Адам уже снова в маске, он дружески кивает Мартинеку слоновьим хоботом.

— Ты уверен, что тебе ничего не сделалось? — торопливо спрашивает Станда, хватаясь за лопату.

— Пустяки!

Молодой гигант устроился поудобнее на земле у крейцкопфа, поставил перед собой лампочку и, развернув коричневую бумагу, с аппетитом посмотрел на толстый ломоть хлеба с салом.

— Ты из-за меня не задерживайся!

Станда торопливо грузит уголь в пустую вагонетку, временами поглядывая на приятеля; тот сидит, свесив голову над нетронутым ломтем хлеба, и морщит лоб.

Станда перестал грузить.

— Тебе нехорошо, Енда?

— Сало воняет, — брезгливо говорит крепильщик и тщательно завертывает хлеб в бумагу. — Я не стану его есть.

Станда снова взялся за лопату, и Матула, пыхтя, застучал по скобе.

Из завала возвращается дед Суханек и стаскивает маску.

— Господи Иисусе, ребята! — вздыхает он и трет высохшими ручками лицо. — Ну и работа!
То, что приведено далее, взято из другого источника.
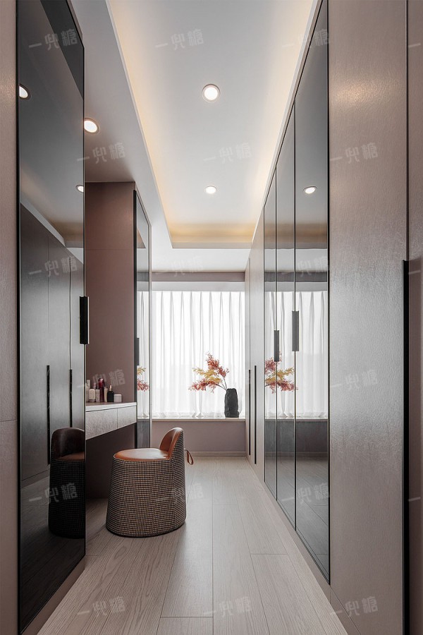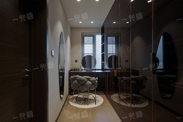 为了最大化利用空间,一般呈U型或Ⅱ型,主要是满足衣帽间需求,可活动空间较小,也有把梳妆台嵌入的设计,让换衣梳妆能够在一个空间里完成。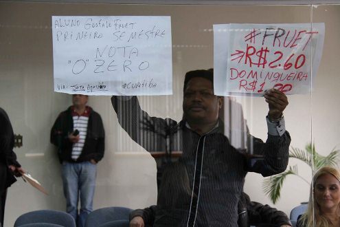 Jeitoso, como mostra a foto, levou para o local cartazes afirmando que o prefeito Gustavo Fruet (PDT), como aluno, tirou nota zero até agora. Em outra peça, o bruxo pede para o prefeito voltar ao valor da passagem de ônibus para R$ 2,60 e a domingueira a R$ 1,00.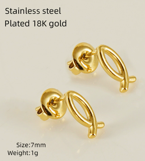 耳钉,304不锈钢,18K真金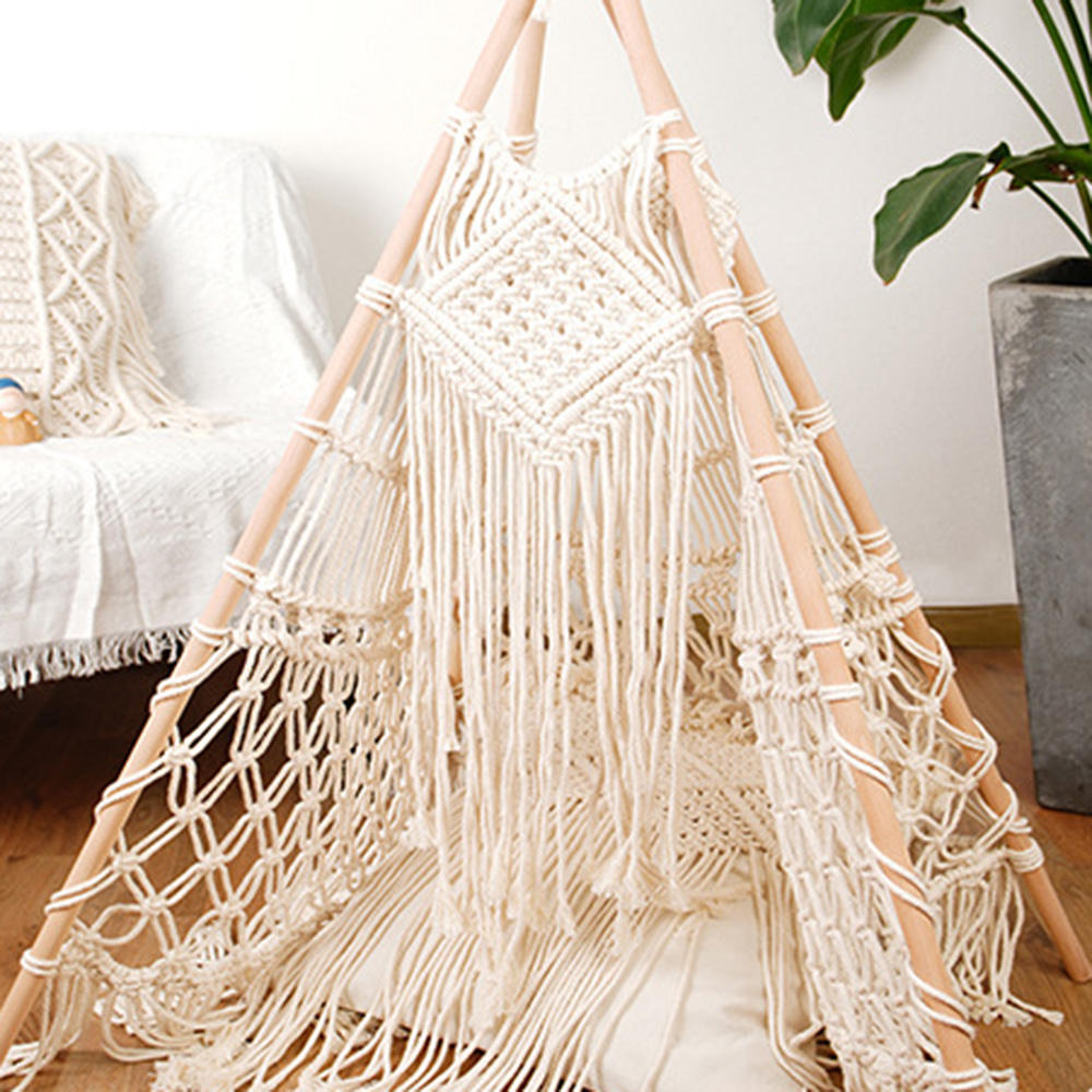 Essential details Type: Other Home Decor, Net Tent Occasion: Anniversary Design Style: Bohemian Place of Origin: China Model Number: EH2205133 Material: Cotton Wood Product Name: Nordic Hand-woven Macrame Wooden Stick Kids Cotton Net Tent Home Decor Usage: Home Decoration Wedding Decoration Color: Beige Size: Pole length 120cm MOQ: 1 Piece Packing: OPP Bag Carton Style: Nordic style OEM: Accpected Wash Care: Hand Wash/Dry Clean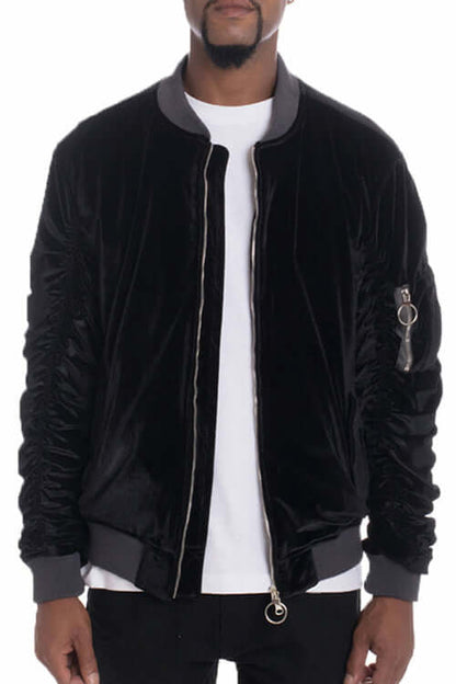 Velour Cinch Sleeve Bomber Jacket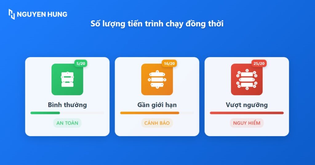 Number of Process là số lượng tiến trình tối đa mà tài khoản hosting của bạn có thể chạy đồng thời trong cùng một thời điểm. Khi số tiến trình vượt ngưỡng cho phép, website có thể gặp lỗi 500 hoặc 503, khiến website của bạn bị gián đoạn và không thể truy cập được.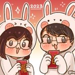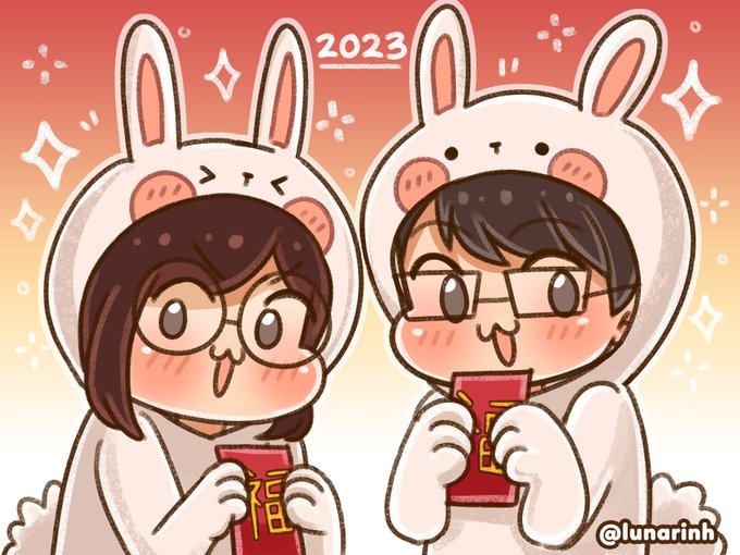 Happy Lunar New Year!! Here's a little doodle of me and @shintocshi to celebrate❤️ #LunarNewYear #LunarNewYear2023 #YearOfTheRabbit #ChineseNewYear #illustration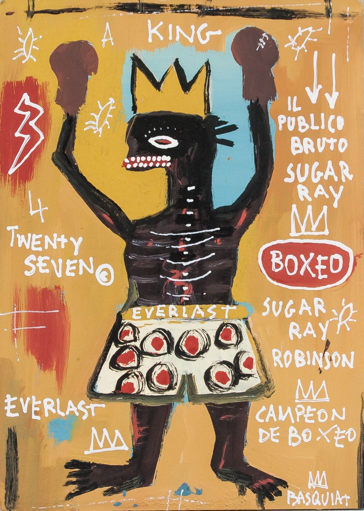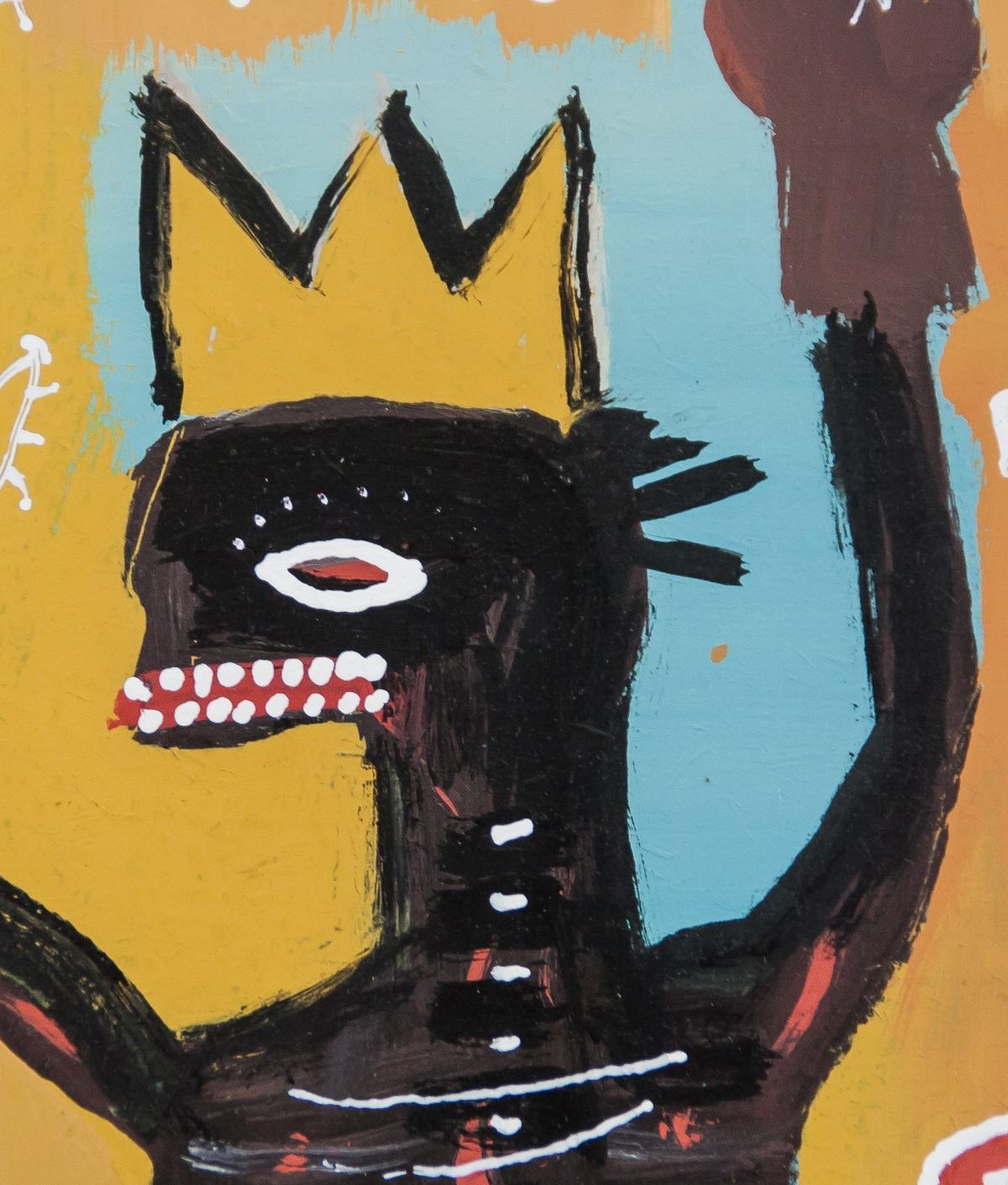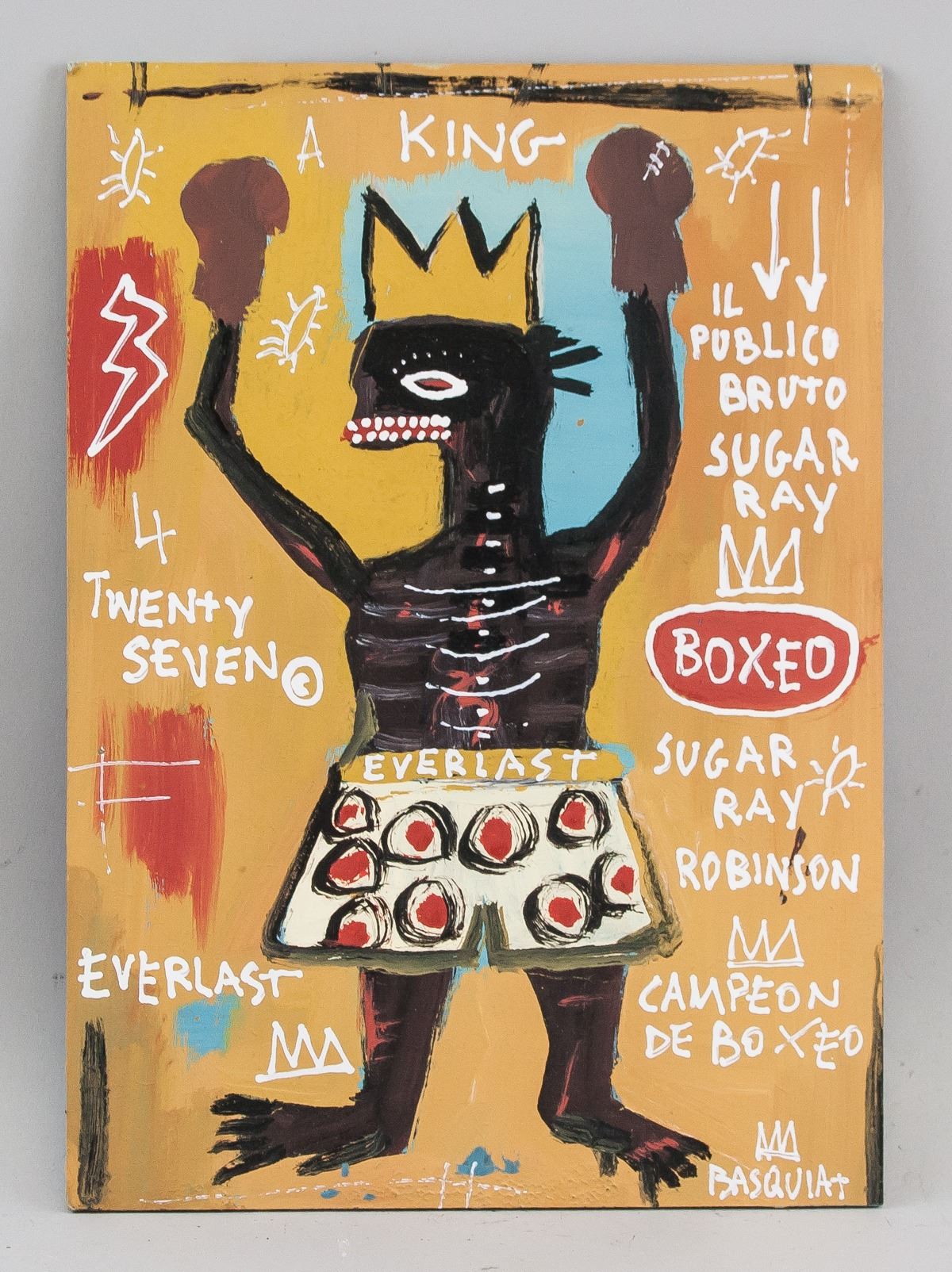 Mixed media on board. Featuring a neo-expressionist portrait of a figure wearing a crown. Signed BASQUIAT on the lower right corner. Attributed to Jean-Michel Basquiat (1960-1988, American). 35 x 25 cm (13.8 x 9.9 inches). PROVENANCE: Private American collection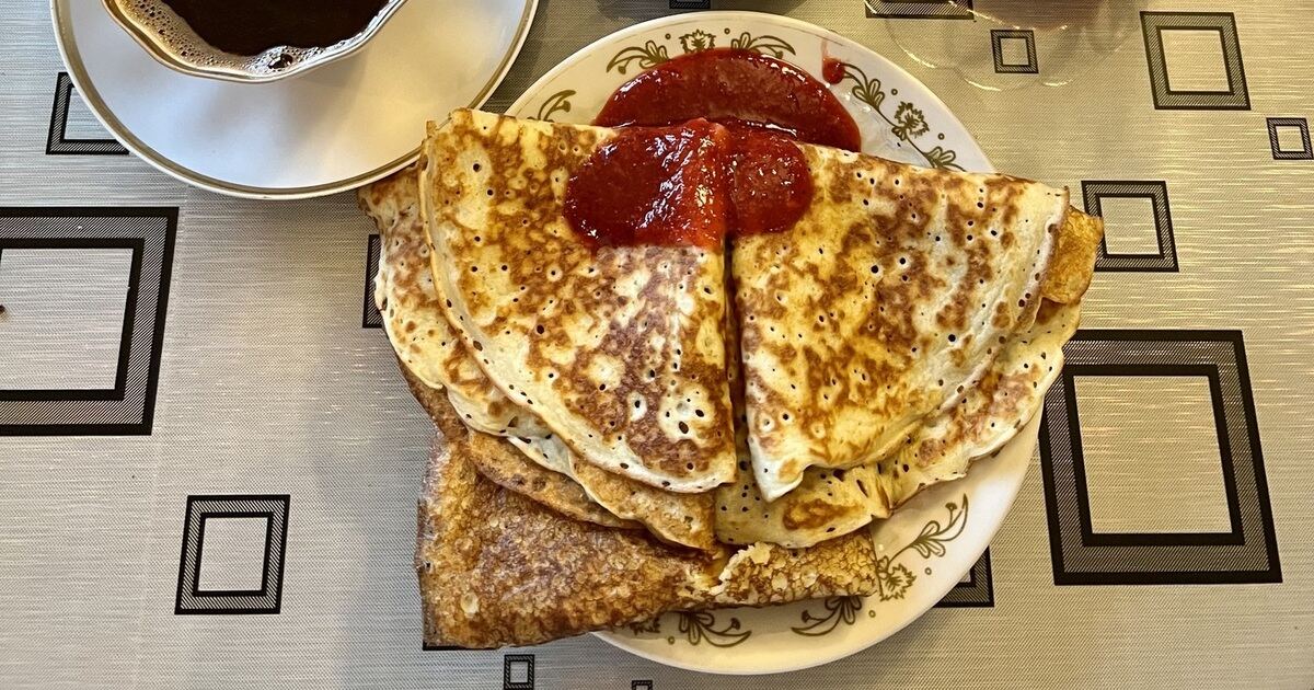 - Перемешать тесто повторно, вылить тесто на сковороду, пожарить тонкие блины, остудить. Подавать с мёдом или кленовым сиропом.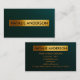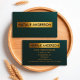 Stand out with timeless sophistication using this emerald green faux leather business card. Highlighted by a sleek gold foil name bar and minimalist layout, it projects professionalism and modern luxury. Perfect for interior designers, real estate agents, beauty professionals, or upscale creatives who want their brand to reflect refinement and style. Easily personalise with your details for a custom, high-end look.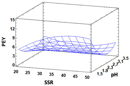 Response surface plot showing the effect of SSR and pH on pectin yield (PEY) at 70 °C and 10 min extraction time.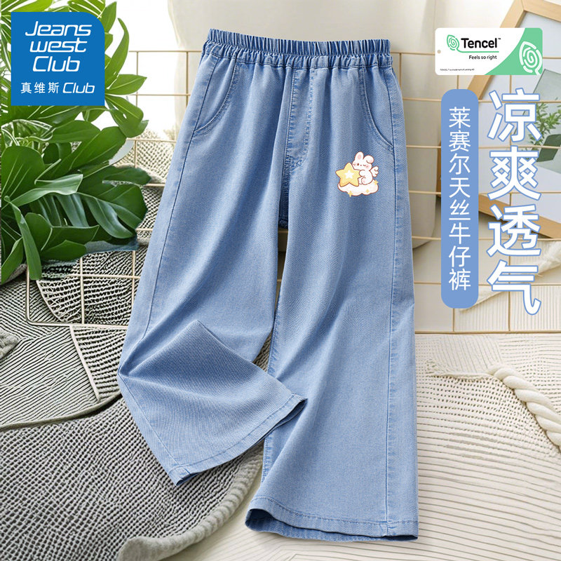 真维斯club女童牛仔裤宽松阔腿2025新款中大童春夏洋气薄款裤子女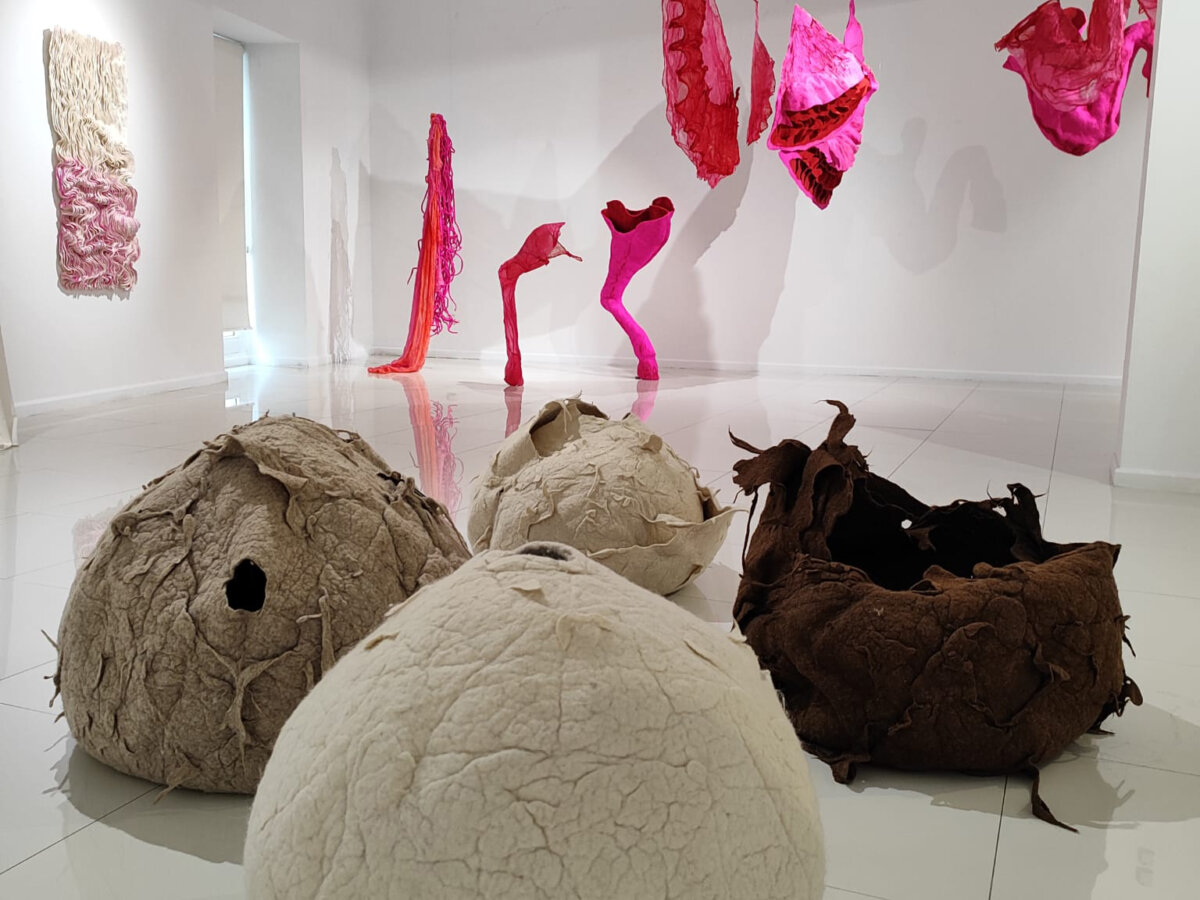 Em destaque está agora a exposição que se encontra em Cáceres e esteve patente na Covilhã entre julho e setembro. A mostra coletiva apresenta trabalhos de seis artistas portugueses e outros seis de Espanha, selecionados e organizados por Lala de Dios e Cláudia Melo, diretora artística da bienal Contextile em Guimarães. “É um grupo muito diverso em termos de abordagem artística, mas que trabalha e reflete sobre o mesmo meio têxtil, que é a lã”, esclarece a curadora portuguesa.

Ну и работа!

Теперь очередь Адама идти в обрушенный штрек; Пепек гремит там лопатой и раз за разом выбрасывает вырубленную породу, так что Станда не успевает складывать ее в вагонетку. «Пепек замечательный, — думает Станда, — как он здорово действует лопатой в тучах пыли, черный и блестящий, точно вытесанный из гранита… чертушка этакий… циклоп прямо какой-то». И изнемогающий Станда с удвоенной силой налегает на лопату.

Он уже вывозит вторую полную вагонетку, поставил на поворотный круг, но тот не поддается.

— Я сейчас тебе помогу, — говорит крепильщик.

— Отстань, — сопит Станда, дергая тележку.

— Здесь чем-то воняет, — ворчит крепильщик. — Станда, что это за вонь?

— Тебе кажется, — замечает Суханек. — Чему тут вонять?

Мартинек морщит нос.

— Не знаю, а что-то чувствую… Черт возьми, вот так шишку я себе посадил, — улыбается он, ощупывая темя.

— Стукнуло тебя, что ли?

— Да, балкой. Я хотел ее заменить…

— Тогда понятно, — успокоительно замечает дед Суханек. — От этого тебе и кажется. У тебя, брат, сотрясение мозга. Как-то раз Фалтысу, зятю моему, на голову кусок угля свалился, так ему тоже все казалось, будто воняет. Потом ему стало плохо, и он лежал несколько дней — сотрясение мозга, что ли. Погоди, и тебе скоро плохо станет.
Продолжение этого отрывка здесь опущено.